The program then lets the user do various things with the phone book,
including making modifications. Any changes that are made are made
only to the TreeMap that holds the data.
When the program ends, the phone book data is written to the file
(if any changes have been made while the program was running),
using the following code:

if (changed) {
   System.out.println("Saving phone directory changes to file " + 
         dataFile.getAbsolutePath() + " ...");
   PrintWriter out;
   try {
      out = new PrintWriter( new FileWriter(dataFile) );
   }
   catch (IOException e) {
      System.out.println("ERROR: Can't open data file for output.");
      return;
   }
   for ( Map.Entry<String,String> entry : phoneBook.entrySet() )
      out.println(entry.getKey() + "%" + entry.getValue() );
   out.flush();
   out.close();
   if (out.checkError())
      System.out.println("ERROR: Some error occurred while writing data file.");
   else
      System.out.println("Done.");
}

The net effect of this is that all the data, including the changes,
will be there the next time the program is run.
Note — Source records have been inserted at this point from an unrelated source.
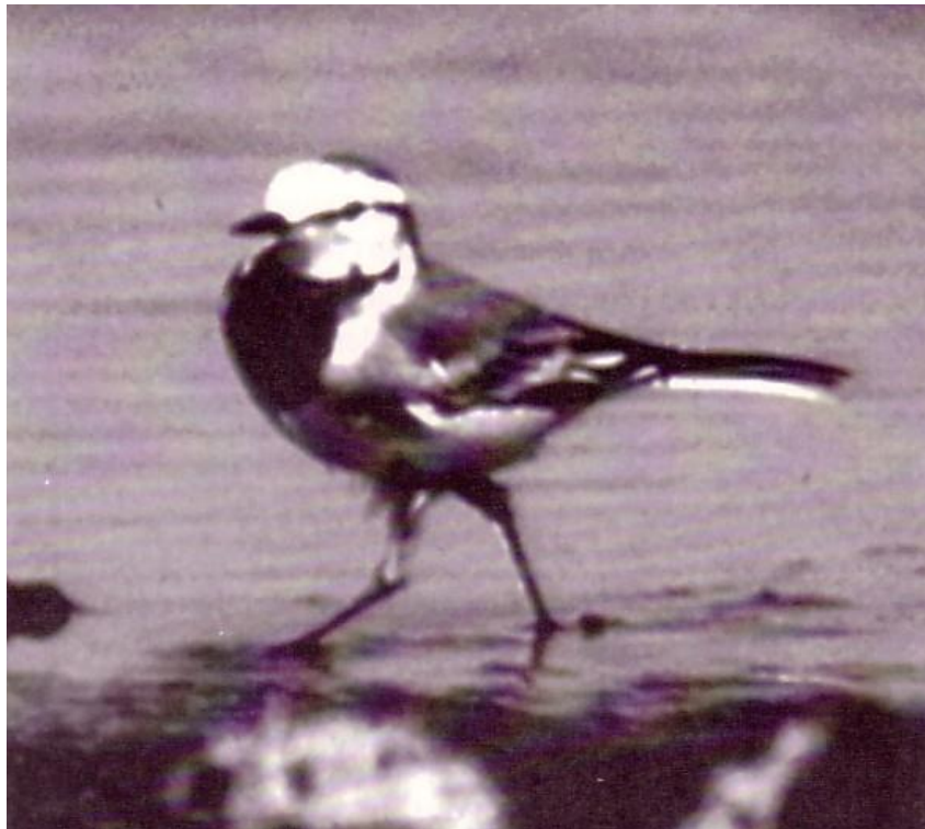
Adult male White Wagtail at Hackberry Ridge, Cameron Parish, Louisiana, 12 October, 1996.
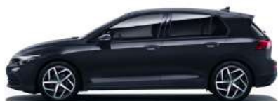
Urano Grey Solid
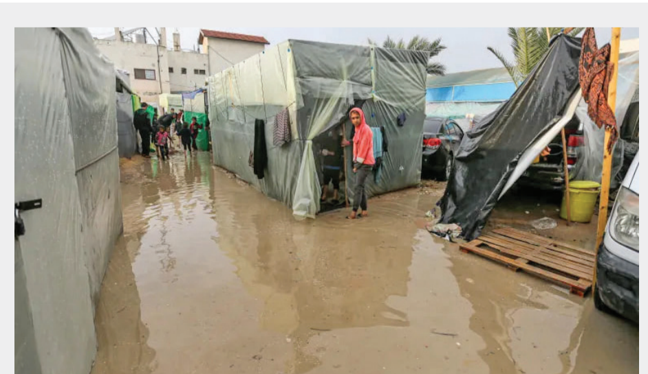
Heavy rains and chilly winds in Gaza can make the winter unbearable, especially for people stranded in makeshift plastic tents.

Hezbollah has further devised a set of creative tactics with the aim of providing an alternative for Gen-Z. Unlike some Islamic movements that respond to cultural Americanization either by turning to extremism and self-isolation or by responding through complete submission to Western imperialism, Hezbollah has succeeded – as was demonstrated during the last war – in creating a broad, highly organized, disciplined, and productive popular environment. It is a diverse but cohesive environment at the national and regional levels.
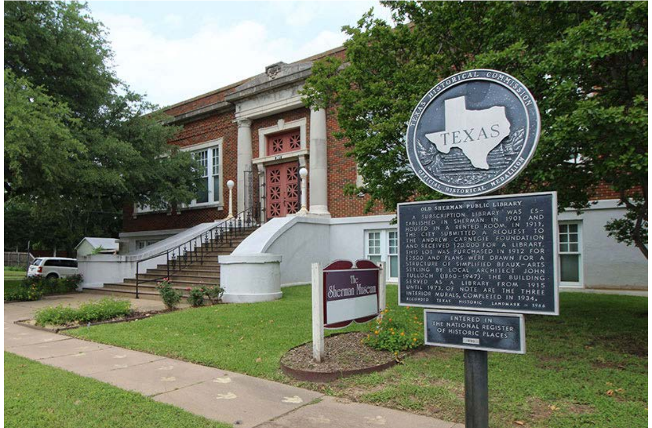
Picture of Museum
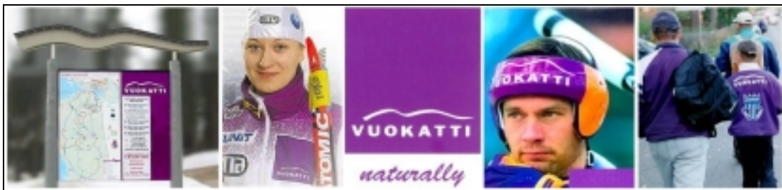
Figure 2: The New Vuokatti brand is used both in tourism and in sports.

The development of tourism and the construction of the image have taken place hand in hand. Some new resources available, for example from the EU programmes, have been utilised. The representatives of Sotkamo have secured that the strengths of Sotkamo are listed in the priorities of the Kainuu Regional plans, e.g. tourism, ski tourism, electronics, food manufacturing. Regional programmes have brought funding to several large projects of Sotkamo (such as the Ski Tube, Vuokatti Centre, Snowboard Tube). Before them several investments had been made in Vuokatti sport facilities (ice hockey hall etc). Focusing the efforts into the strengths has resulted that the municipality has not been eager to put resources into rural development and "small" village development projects, or cultural projects. This has created critical attitudes among these groups.
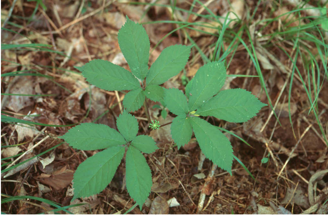
Ginseng with Flower
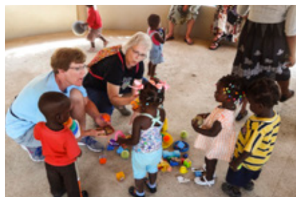
Stimulation through play is critical for cognitive development and strengthening motor-skills
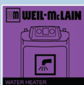
PROVIDING HOT WATER
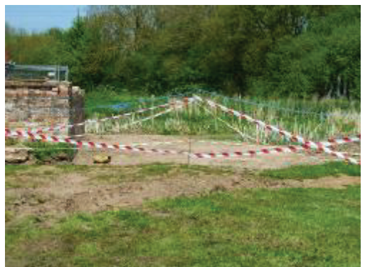
Preparation work has already started
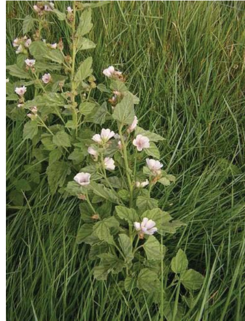
This is the real Althea officinalis (Marshmallow)
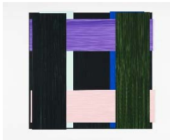
2016 Face 75 Ed. 36x36cm Acrylic on plastic foil
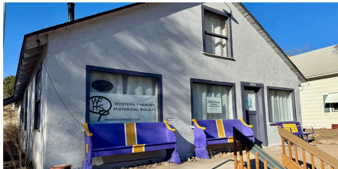
Howard History Center (0070 Co Rd 56, Howard, CO 81233)
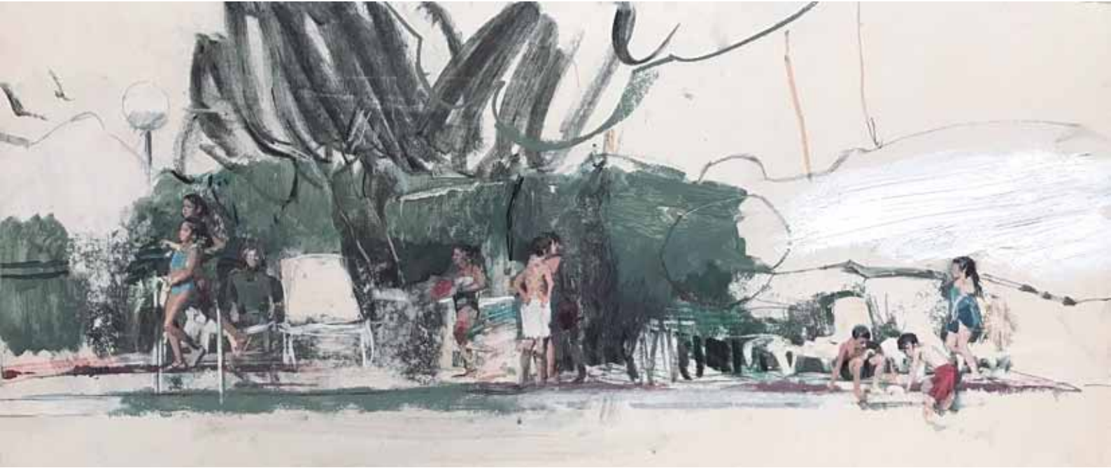
MARTA LAFUENTE, 2018. Tiny Lives. Scene 3 . Mixed media on cardboard glued to board. 32 x 75 cm
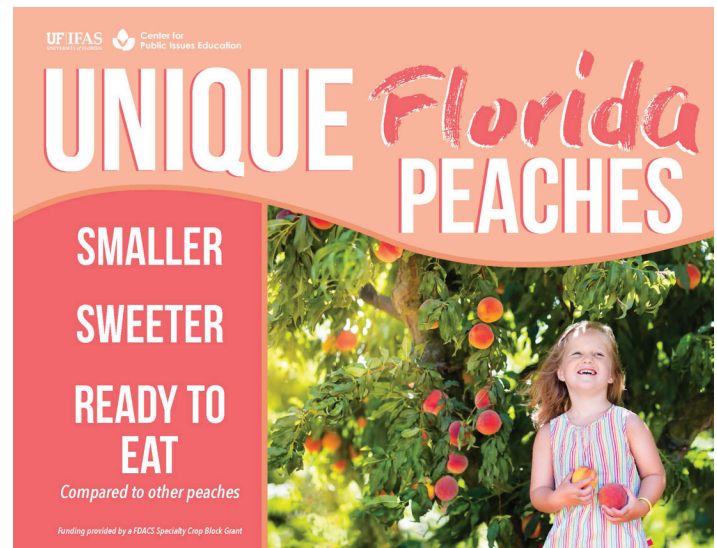
Figure 1. Florida peach characteristics.

leave you with recommendations to keep your Florida peaches fresh as long as possible.
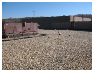
Existing Ballasted EPDM

The EPDM membrane had reached its acceptable service life and it had been bridging at the parapet walls causing splits and tears at the base of the membrane. The school maintenance department attempted minor repairs around the parapet but unfortunately they used an incompatible product for the EPDM membrane which made the condition even worse at the walls and other roof penetrations.

I’ve shown you all the
file-handling code from the program. If you would like to see the rest
of the program, see the source code.


11.3.3  Storing Objects in Files

Whenever data is stored in files, some definite format must be adopted for
representing the data. As long as the output routine that writes the data
and the input routine that reads the data use the same format, the files
will be usable. However, as usual, correctness is not the end of the story.
The representation that is used for data in files should also be robust.
(See Section 8.1.) To see what this means, we will look
at several different ways of representing the same data. This example
builds on the example SimplePaint2.java from
Subsection 7.3.3. (You might want to run it now to remind yourself
of what it can do.) In that program, the user can use the
mouse to draw simple sketches. Now, we will add file input/output capabilities
to that program. This will allow the user to save a sketch to a file and later read
the sketch back from the file into the program so that the user can continue
to work on the sketch. The basic requirement is that all relevant data
about the sketch must be saved in the file, so that the sketch can be
exactly restored when the file is read by the program.
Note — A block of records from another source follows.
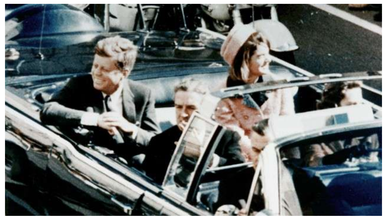
November 22, 1963 - A Day To Remember
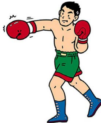
Figure 2 Boxers
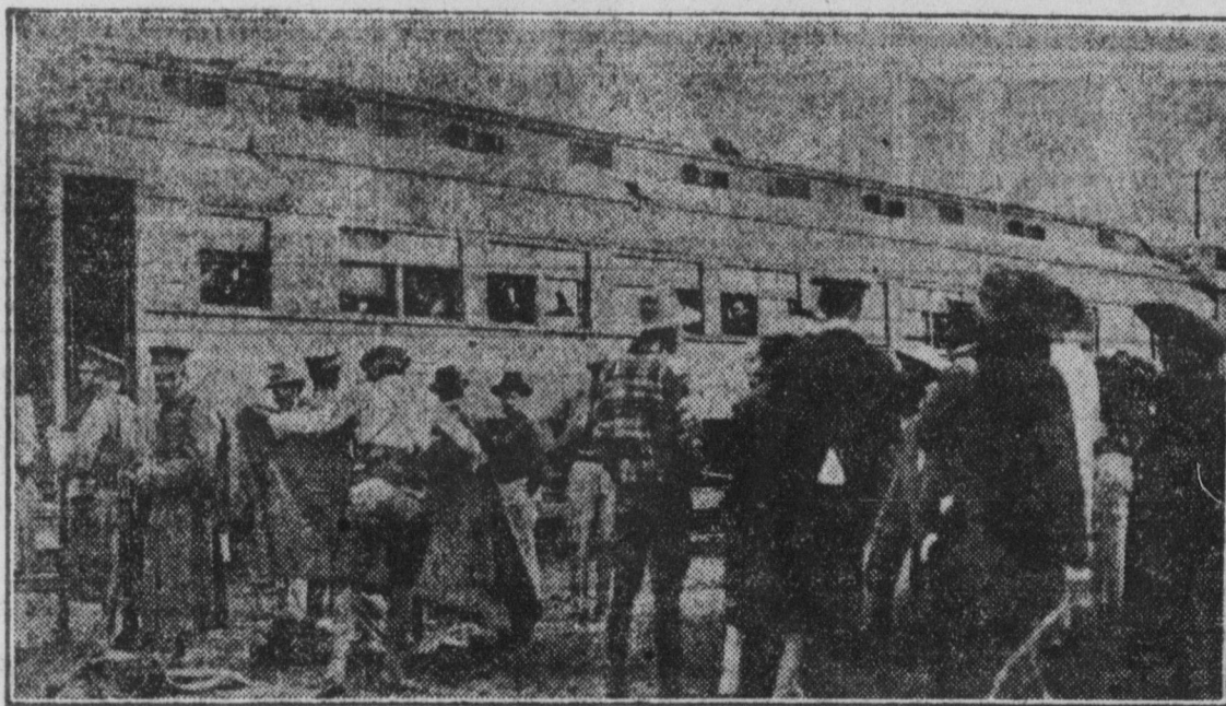
Exclusive picture of arrival of survivors of looted Mexican train at Empalme, Escobedo. The train, bound for Laredo, was stopped, attacked and the wooden cars burned, with loss of life.
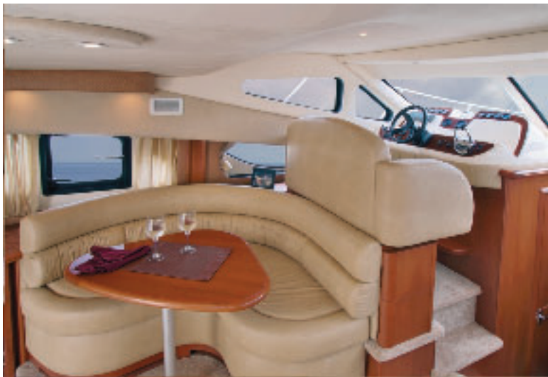
Optional lower helm
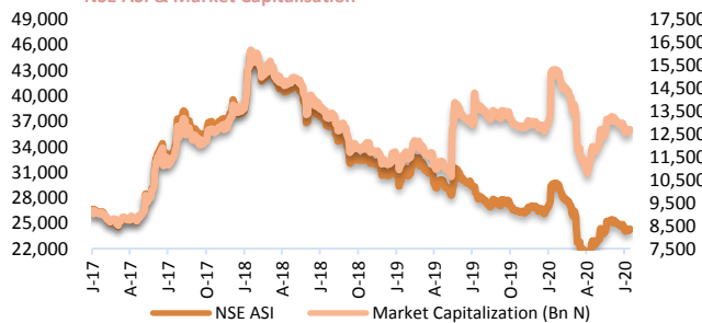
NSE ASI & Market Capitalisation

The local bourse All Share Index (ASI) rose marginally by 0.03% to close at 30,741.88 points amid sustained bargain hunting activity even as the Exchange printed 13 gainers as against 11 losers at the close of the trading session. Hence, the year to date gain of the NSE ASI climbed to 14.52%. Specifically, Tickers such as CAP, FCMB, GUARANTY and WAPCO closed higher by 314%, 5.17%, 0.31% and 0.27% respectively amid demand pressure. Of the five indices tracked, three closed in green while the rest closed flat. The NSE Insurance, NSE Consumer Goods and NSE Industrial indices rose by 1.04%, 0.05% and 0.03% respectively while the NSE Banking and NSE Oil/Gas closed flat. Meanwhile, market activity waned as the total volume and value of stocks traded fell by 14.77% and 20.45% to 0.28 billion unit and N3.0 billion respectively. Elsewhere, NIBOR fell for all tenor buckets amid renewed liquidity ease; also, NITTY moderated for most maturities tracked amid demand pressure. In the OTC bonds market, the values of FGN bonds moved in mixed directions across maturities tracked; however, FGN Eurobond rose for all maturities tracked.

The new version of the program can be found in the source code
file SimplePaintWithFiles.java. A “File” menu
has been added to the new version. It implements “Save” and
“Open” commands for writing program data to a file and reading
saved data back into the program.

The data for a sketch consists of the background color of the picture
and a list of the curves that were drawn by the user. A curve consists of
a list of Point2Ds.
A Point2D,
pt, has instance methods pt.getX() and pt.getY()
that return the coordinates of a point in the xy-plane as values of type double. Each curve can be a different color. Furthermore, a curve can be “symmetric,” which
means that in addition to the curve itself, the horizontal and vertical reflections
of the curve are also drawn. The data for each
curve are stored in an object of type CurveData, which
is defined in the program as:

/**
 * An object of type CurveData represents the data required to redraw one
 * of the curves that have been sketched by the user.
 */
private static class CurveData {
   Color color;  // The color of the curve.
   boolean symmetric;  // Are horizontal and vertical reflections also drawn?
   ArrayList<Point2D> points;  // The points on the curve.
}

Then, a list of type ArrayList<CurveData> is used to hold
data for all of the curves that the user has drawn.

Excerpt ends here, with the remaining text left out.